This is my garage sale special. Bought just outside of Renfrew, Ontario at a yard sale near my grandparents' cottage(on the ottawa river, in Braeside). 1950s/60s silvertone archtop, horribly refinished in blue and green paint. Bought it for a dollar, and Im in the process of fixing it up now


















Also, the guitar you mentioned is a great little guitar, one of my buddies got one as his first guitar.


----------



## smp22 (Jun 12, 2008)

The red label yamaha's are kind of collectable. I have an FG-75 and I use it as my office guitar. I think it sounds great. I paid more for it than you did because I simply had to own a guitar that was built in 1969 (mine was).
The action is high, you can't really wail on it .. but for a quiet sit down it's perfect. I like the sound a lot. The FG-75 was the bottom of the line for the red labels. I think the FG-180s are most in demand. 
I also own a 'green label' (made in taiwan) FG-160 and the sound on that thing is totally awesome. Laminate as well, made in 72.


----------



## sneakypete (Feb 2, 2006)

just posted about a 75 at another site...they retailed for $65.oo new, maple back and sides , spruce top. The pic of the catalong I saw in my book is all in English so I`m guessing it was for export.


----------



## zontar (Oct 25, 2007)

And why do I never find these garage sales?

The only thing I've found of interest was the book, "The Great Escape" by Paul Brickhill, on which one of my favorite movies was based.

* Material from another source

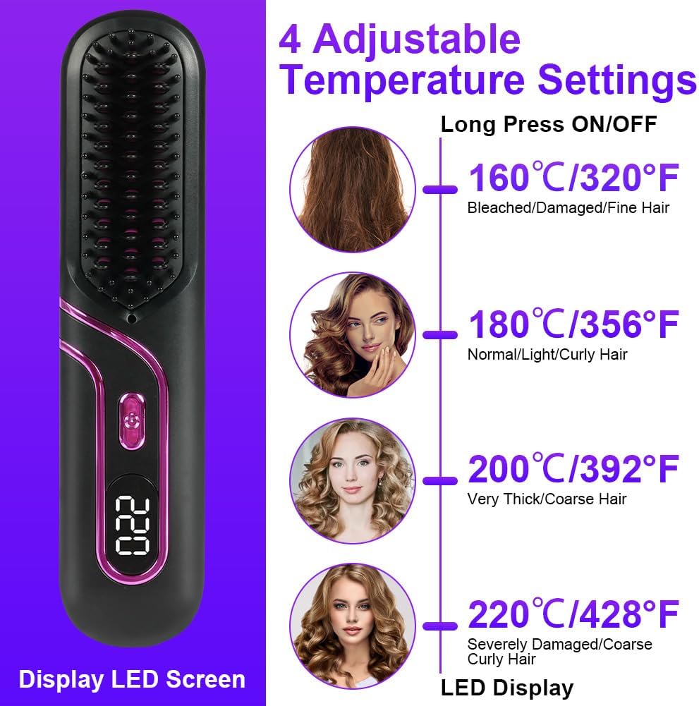 【4 temperatuurmodi】: optionele temperatuur van de stijlkam: 160 °C / 180 °C / 200 °C / 220 °C, je kunt het gebruiken afhankelijk van de haarkwaliteit. Uitgerust met lcd-display is de temperatuurkeuze eenvoudiger.

I'd trade that for some cheap guitar, and it was a good read.


----------



## Tony Burns (Dec 20, 2007)

Take the tension off that neck ( loosen the strings ) and let it sit a week or more - sometimes either the rod loosens up or it straightens itself out a bit . The FG-75 is a super guitar , has a real following in the states - one of the better bargains thats out their . A luthier set up or check up might be necessary- somewhere around 60-75 bucks .


----------



## Ship of fools (Nov 17, 2007)

*Here's some more info for you*

The FG-75 is actually listed as a Spanish Style Acoustic guitar, with a red label, and if it is early enough may actually have one of their wider heads on it.As others have mentioned it shouldn't be to difficult to get the truss rod moving eventually, you might want to think about making sure that the guitar is hydrated first.Ship


----------



## Ship of fools (Nov 17, 2007)

Joshmac is the label still inside the Silvertone, and does it list where it was made. As near as I can see your model was possibly made by the Kay branch, they made the Thin Twin model along with arch tops.Ship


----------